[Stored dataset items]
=== Section Start ===

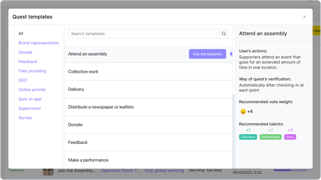 La fonctionnalité principale de Qela repose sur les quêtes et les campagnes, qui correspondent aux actions utiles qu’un volontaire peut accomplir pour une organisation — qu’il s’agisse de signer une pétition ou d’organiser un événement local. Nous proposons 18 modèles d’activités différentes que vous pouvez adapter à vos besoins.
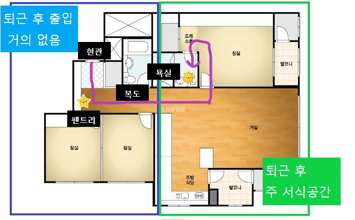 욕실 휴지를 보급하는 최적의 루트는 퇴근하면서 팬트리에 들러 휴지를 꺼내 가져오는 것이다. 퇴근 후 출입을 거의 하지않는 복도구역에 굳이 가지 않기 위한 최선의 방법.
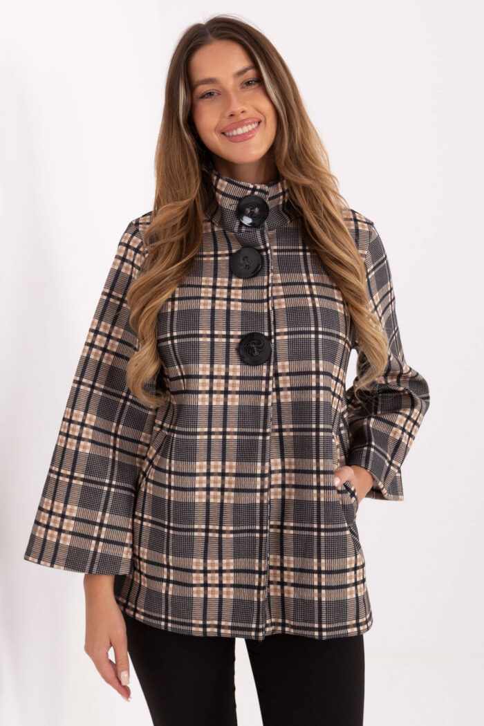 Stylish and timeless women’s checked coat, which is the perfect combination of elegance and classic design. Made of high quality polyester, it is lightweight, pleasant to the touch, and works perfectly in everyday stylizations. The model of standard length and simple cut beautifully fits the silhouette, providing comfort and freedom of movement. Fastening with large buttons adds character to the whole and emphasizes the classic style of the coat. The stand-up collar protects against cold, and the slip pockets are a practical and elegant finish. This elegant checked coat is the perfect choice for cooler days, it goes well with both urban and more refined outfits.
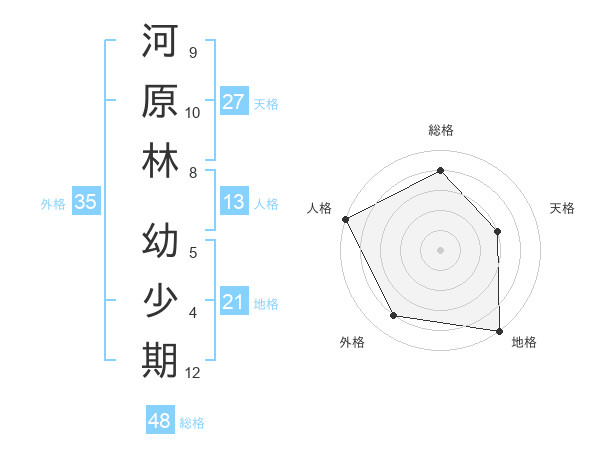 河原林 幼少期さんの総格は48画の4点!
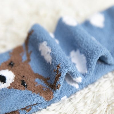 Plush socks have good hygroscopicity, and cotton fiber has good hygroscopicity. Under normal circumstances, the fiber can absorb moisture from the surrounding atmosphere, and its moisture content is 8-10%, so it touches human skin and makes People feel soft and not stiff.
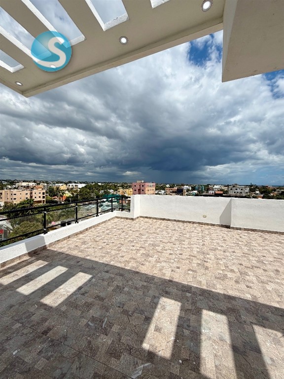 Descripción Penthouse en Venta, cerca del Hipermercado Ole de la marginal de Las Americas CARACTERÍSTICAS 222 metros cuadrados 46 metros de terraza Amplia Sala Comedor Estar familiar 3 habitaciones, principal con baño y walkig clóset 2 Baños 2 Baños de visitas Habitación de servicio Area de lavado 2 pagqueos techados Portón eléctrico Seguridad 24 horas
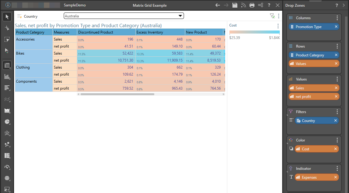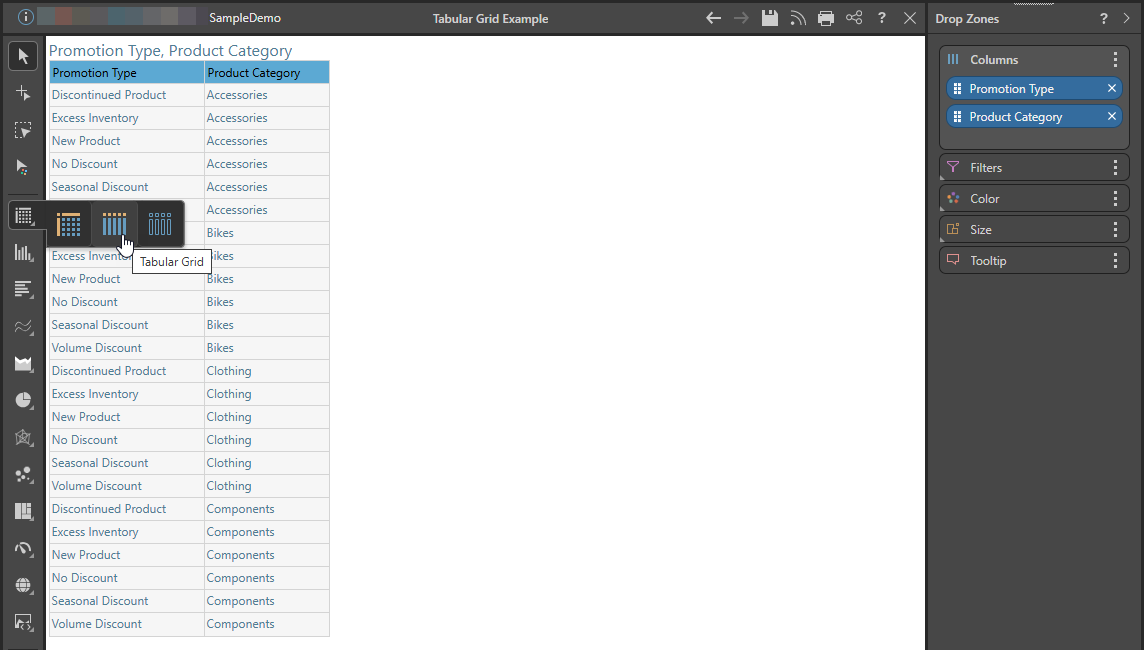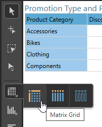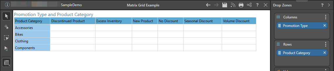 In the preceding example, the Promotion Type hierarchy is added to the Columns drop zone and Promotion Type to Rows. Each member element within the Promotion Type hierarchy is displayed as a column in the grid, while each element under Product Category is displayed as a row.
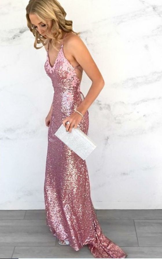 Rose Pink Mermaid Prom Dresses, Sequins Party dresses, Elegant Backless Sequined Party Dresses, Unique Criss Cross Straps Evening Dresses
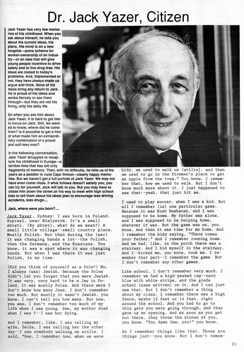 Published by Ronald Caplan on 1992/1/1 (1339 reads)Dr. Jack Yazer, Citizen Jack Yazer has very few memo? ries of his childhood. When you ask about himself, he tells you about his current ideas, his plans. His mind is on a new hospital • some scheme for worker-ownership of an indus? try • or an idea that will give young people incentive to drive safely and to live drug-free. His ideas are rooted in today's problems. And, implemented or | not, they have always made us argue and think. None of his ideas bring any return to Jack. He is proud of his ideas and works fiercely to see them through • but they are not his living, only his daily life. So when you ask him about Jack Yazer, it is hard to get him to focus on Jack. Still, we want? ed to know, where did he come from? Is it possible to get a hint of what made him an extraordi? nary combination of a proud and self-less man? In the following conversation, Jack Yazer struggles to recap? ture his childhood in Europe • a terrible time that has left only fragments of memory. Then, with no difficulty, he tells us of his years as a peddler in rural Cape Breton • clearly happy memo? ries. But we haven't got a full portrait of Jack Yazer. We may not have even come close. If what follows doesn't satisfy you, you can try for yourself. Jack will talk to you. But you may have to chase him down the street on his way to meet with high school kids to tell them about his latest plan to encourage less driving accidents, less drugs.... Jack, where were you born?.... Jack Yazer. Sydney: I was born in Poland. Suprasl, near Bialystok. It's a small shtetl. (By shtetl, what do we mean?) A small little village--small country place. Mostly Polish. But then during the (war) it was changing hands a lot--the Polish, then the Germans, and the Russians. You know, it was a spot where it was changing hands. But when I was there it was just Polish, in my time. (Did you think of yourself as a Pole?) No, I always (was) Jewish. Because the Poles didn't let you forget that you were Jewish. It was very, very hard to be a Jew in Po? land. It was mostly Poles. And there were I don't know how many Jews. I don't remember too much. But mostly it wasn't Jewish, you know. I can't tell you how many. But now, you see, I don't remember too much of my life when I was young. See, my mother died when I was 5--I saw her dying. And I remember, like, I was telling my wife, Zelda, I was telling her the other day--I saw somebody walking on stilts. I said, "Gee, I remember now, when we were kids, we used to walk on (stilts), and then we used to go in the firemen's place to get an apple from the tree." You know, I remem? ber that, how we used to walk. But I don't know much more about it. I just happened to see that--yeah, that just hit me. I used to play soccer, when I was a kid. But all I remember (is) one particular game. Because it was Rosh Hashanah, and I was supposed to be home. My father was alone, and I was supposed to be helping home, whatever it' was. But the game was on, you know. And then it was time for me home. And I remember the kids saying, "There comes your father," And I remember running home. And we had, like, in the porch there was a stairway. And I hid myself in the stairway. And I--kicked me, you know, took me. I re? member that part--I remember the game. But I don't remember any other games. Like school, I don't remember very much. I remember we had a high-peaked cap--navy blue with white stripe, and the grade school (name written) on it. And I can just see that. But I don't remember a thing about my class. I remember there was a high fence, maybe 12 feet or 14 feet, right around the school. And you had to go to this gate you were going through, and they gave us an opening. And as soon as you get out there, they throw the stones at you, you know. "You damn Jew, you!" you know. So I remember things like that. Those are things just--you know. But I don't remem-

=== Section End ===

• _TASK DETAILS_:
When copying from the data above, print only the lines from the line containing "河原林 幼少期さんの総格は48画の4点!" to the line containing "Rose Pink Mermaid", exactly, and leave the pictures out.

• _FINAL ANSWER_:
 河原林 幼少期さんの総格は48画の4点!
 Plush socks have good hygroscopicity, and cotton fiber has good hygroscopicity. Under normal circumstances, the fiber can absorb moisture from the surrounding atmosphere, and its moisture content is 8-10%, so it touches human skin and makes People feel soft and not stiff.
 Descripción Penthouse en Venta, cerca del Hipermercado Ole de la marginal de Las Americas CARACTERÍSTICAS 222 metros cuadrados 46 metros de terraza Amplia Sala Comedor Estar familiar 3 habitaciones, principal con baño y walkig clóset 2 Baños 2 Baños de visitas Habitación de servicio Area de lavado 2 pagqueos techados Portón eléctrico Seguridad 24 horas
 In the preceding example, the Promotion Type hierarchy is added to the Columns drop zone and Promotion Type to Rows. Each member element within the Promotion Type hierarchy is displayed as a column in the grid, while each element under Product Category is displayed as a row.
 Rose Pink Mermaid Prom Dresses, Sequins Party dresses, Elegant Backless Sequined Party Dresses, Unique Criss Cross Straps Evening Dresses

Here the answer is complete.